Data_Sheet_1_AsnB Mediates Amidation of Meso-Diaminopimelic Acid Residues in the Peptidoglycan of Listeria monocytogenes and Affects Bacterial Surface Properties and Host Cell Invasion.docx

A mutant of Listeria monocytogenes ScottA with a transposon in the 5' untranslated region of the asnB gene was identified to be hypersensitive to the antimicrobial t-cinnamaldehyde. Here, we report the functional characterization of AsnB in peptidoglycan (PG) modification and intracellular infection. While AsnB of Listeria is annotated as a glutamine-dependent asparagine synthase, sequence alignment showed that this protein is closely related to a subset of homologs that catalyze the amidation of meso-diaminopimelic acid (mDAP) residues in the peptidoglycan of other bacterial species. Structural analysis of peptidoglycan from an asnB mutant, compared to that of isogenic wild-type (WT) and complemented mutant strains, confirmed that AsnB mediates mDAP amidation in L. monocytogenes. Deficiency in mDAP amidation caused several peptidoglycan- and cell surface-related phenotypes in the asnB mutant, including formation of shorter but thicker cells, susceptibility to lysozyme, loss of flagellation and motility, and a strong reduction in biofilm formation. In addition, the mutant showed reduced invasion of human epithelial JEG-3 and Caco-2 cells. Analysis by immunofluorescence microscopy revealed that asnB inactivation abrogated the proper display at the listerial surface of the invasion protein InlA, which normally gets cross-linked to mDAP via its LPXTG motif. Together, this work shows that AsnB of L. monocytogenes, like several of its homologs in related Gram-positive bacteria, mediates the amidation of mDAP residues in the peptidoglycan and, in this way, affects several cell wall and cell surface-related properties. It also for the first time implicates the amidation of peptidoglycan mDAP residues in cell wall anchoring of InlA and in bacterial virulence.

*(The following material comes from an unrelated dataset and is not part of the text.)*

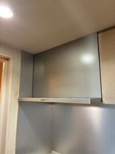 戸棚の高さに合わせて新規レンジフードを設置していき、今回の工事は2時間半ほどで終了いたしました。
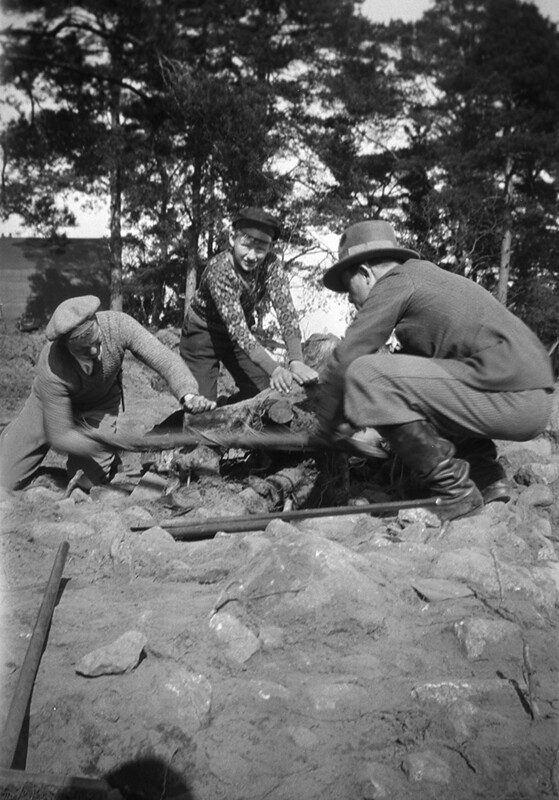 Removal of stump at archaeological excavation in Nälsta, Uppland, Sweden

本研究经鉴定发现，一株携带转座子插入至asnB基因5'非翻译区的单核细胞增生李斯特菌（Listeria monocytogenes）ScottA突变株，对抗菌剂反式肉桂醛（t-cinnamaldehyde）呈现高度敏感表型。本研究针对AsnB在肽聚糖（peptidoglycan, PG）修饰与胞内感染过程中的功能开展了表征分析。尽管李斯特菌的AsnB被注释为谷氨酰胺依赖型天冬酰胺合酶，但序列比对结果显示，该蛋白与一类可催化其他细菌物种肽聚糖中内消旋二氨基庚二酸（meso-diaminopimelic acid, mDAP）残基酰胺化的同源蛋白亚群具有紧密的进化相关性。通过对比asnB突变株、同基因野生型（wild-type, WT）及互补突变菌株的肽聚糖结构，研究证实AsnB可介导单核细胞增生李斯特菌中的mDAP酰胺化过程。mDAP酰胺化缺陷会使asnB突变株出现多种与肽聚糖及细胞表面相关的表型：包括细胞形态变短变粗、对溶菌酶敏感性升高、丧失鞭毛形成能力与运动能力，以及生物膜形成能力显著降低。此外，该突变株对人类上皮JEG-3和Caco-2细胞的侵袭能力也出现显著下降。免疫荧光显微镜分析显示，asnB基因失活会破坏入侵蛋白InlA在李斯特菌表面的正常展示——该蛋白通常可通过其LPXTG基序与mDAP发生交联。综上，本研究表明单核细胞增生李斯特菌的AsnB，与其相关革兰氏阳性菌中的多数同源蛋白一样，可介导肽聚糖中mDAP残基的酰胺化过程，进而影响多项细胞壁与细胞表面相关特性。本研究还首次证实，肽聚糖mDAP残基的酰胺化参与了InlA的细胞壁锚定以及细菌的毒力过程。